Eine etwa 30-köpfige Gruppe folgt Josephine Apraku durch das Afrikanische Viertel im nördlichen Wedding. Mehrmals im Monat führt die Afrikanistin durch die Straßen rund um den U-Bahnhof Afrikanische Straße, erzählt von der kolonialen Vergangenheit des Viertels und den Namensgebern seiner Straßen. Wie der Berliner Verein Berlin Postkolonial fordert Apraku eine Umbenennung der drei Straßen, die nach den deutschen Kolonialbegründern Lüderitz, Nachtigal und Peters benannt sind.
„Das Festhalten an diesen Namen bedeutet nicht nur ein Festhalten an kolonialrassistischen Vorstellungen, sondern auch an nationalsozialistischen“, sagt Apraku und verweist auf den imperialistischen Charakter der nationalsozialistischen Außenpolitik. Eines der zentralen außenpolitischen Ziele der NS-Zeit war es, die Dekolonialisierung rückgängig zu machen. Aprakus Argument ist ein handfestes: Einige Straßenbenennungen im Afrikanischen Viertel fanden während des Nationalsozialismus statt.

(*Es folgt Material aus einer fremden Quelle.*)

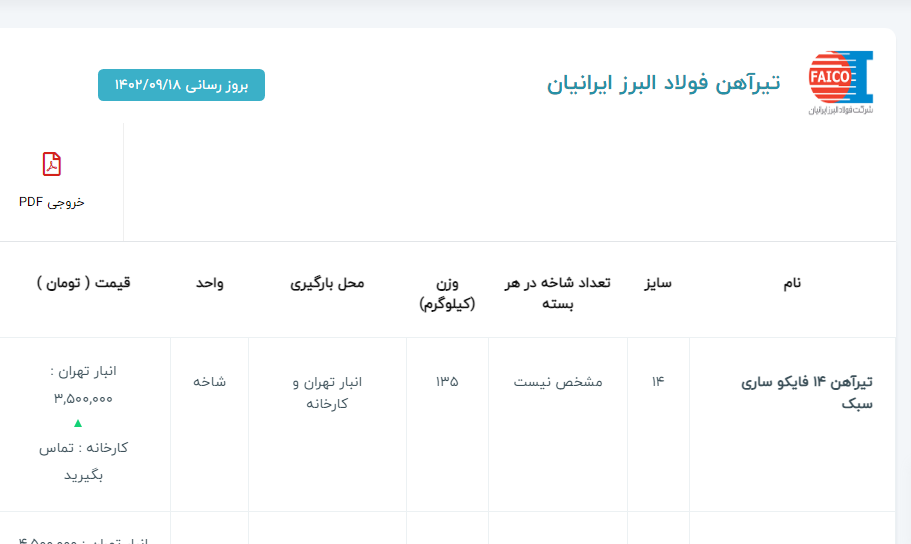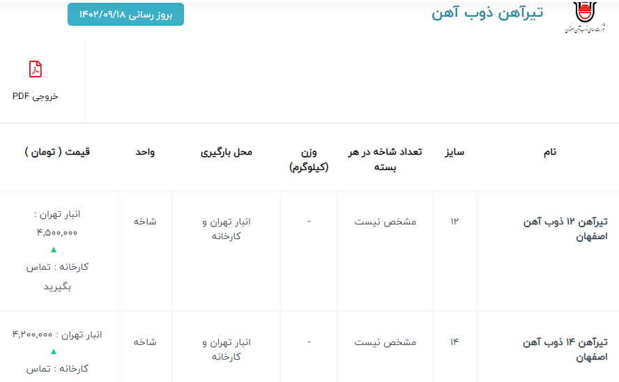 اعلام موجودی تیرآهن (IPE) در انبار دیجی آهن

Idealisierung als "Afrikaforscher"
Apraku kritisiert, dass die drei deutschen Kolonialbegründer in der Populärliteratur häufig als „Afrikaforscher“ idealisiert würden. Am ehesten trifft diese Verharmlosung noch auf Gustav Nachtigal zu, dessen Schriften von seiner kritischen Haltung gegenüber dem europäischen Imperialismus zeugen. Dennoch: 1884 ernannte Bismarck den expeditionserfahrenen Forscher zum Reichskommissar für Deutsch-Westafrika. In dieser Funktion beglaubigte Nachtigal die zum Teil betrügerisch erworbenen Rechte der Firma Lüderitz im heutigen Namibia.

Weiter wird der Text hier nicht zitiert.